So everything has a tolerance, and for hand fitting, Omega spells out the procedures and tolerances in Work Instruction 43.
This work instruction covers a lot of ground, so everything from the equipment used, to procedures for fitting hands on all kinds of different watches, procedures for removing hands from normal and delicate dials, procedures for curving hands and when that is required, etc. These work instructions are constantly being updated, so each time they are I download a new version, and keep the old one to track changes.
If I go back to say the 2010 version, there is a tolerance shown using an image. I can't reproduce that image, but I can recreate it...
So the check is done at mid-day. with the hour hand lined up at 12, and the implication is that the red lines indicate the tolerance, although this is never explicitly stated. However on a previous image, they show the tolerance for the calendar jump the same way, which I know is +/- 10 minutes from other documents, and the red lines are shown at 11:50 and 12:10, so we can safely assume that the hand fitting tolerance is +/- 2 minutes based on that image.
So I went through the many revisions of this work instruction I have on file, and in 2020 the image changes. The red lines are gone. Now it just states to check the alignment at mid-day, and shows the hands lined up perfectly at 12.
So what to make of this? Hard to say, but the work instruction was updated in 2021 again, and the diagram still has no lines. Does this mean that Omega has no tolerance so anything goes? No, I would more likely assume this is some sort of error in the updating of the document, than an abandonment of all tolerances for hand fitting.
So when the OP was told that the hands being 3 minutes out were within tolerances, I'm not sure what tolerances the person he spoke to was referring to. The comment that a watchmaker apparently said, that it was "impossible" to line them up due to time train slack, is nonsense, as I and other watchmakers fit hands every day that line up properly. These are however most likely installed by a machine, so if the slack is not properly taken out of the time train, then the hands might be out even if they were 100% aligned with each other when they were installed.

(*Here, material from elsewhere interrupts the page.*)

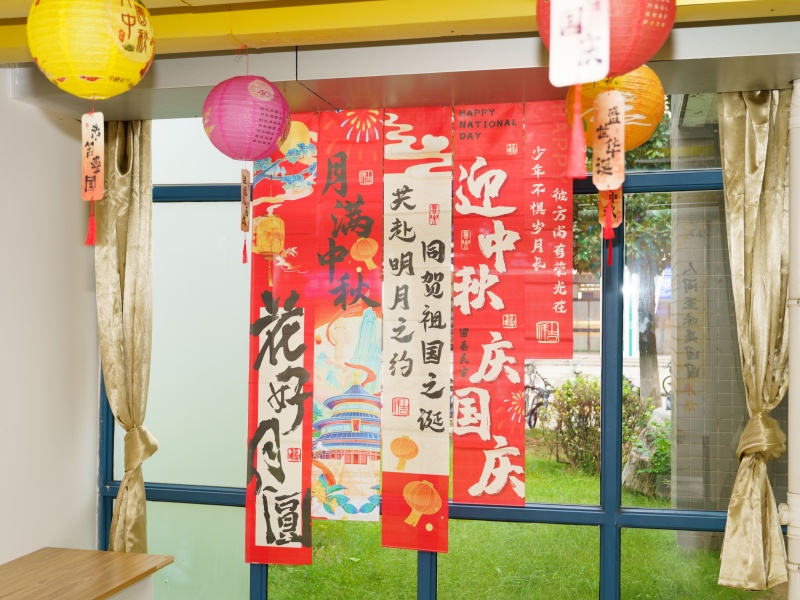宿管阿姨们精心装点每一处宿舍区大厅,从节日挂饰到氛围摆件,处处透露着巧思,让浓厚的双节气息萦绕在宿舍楼的每个角落。她们不仅希望用这份温暖,缓解新生初离家乡的思乡情绪,让同学们在宿舍里感 受到 “家” 的归属感;更想将爱国情怀与传统文化融入生活细节,在日复一日的耳濡目染中,悄悄强化大家的集体认同感与民族认同感。

If one can live with this misalignment or not is a personal thing. It's an easy fix, and if the OP has already the case back opened to remove debris, then having it opened again to reset the hands just isn't a big deal. A boutique watchmaker should be able to do this in literally a few minutes.
If the OP wants to pursue this, he just has to find the right person to talk to about it, who will not just say it's within tolerance and send him on his way. Like any other large corporation sometimes you have to work to get something resolved.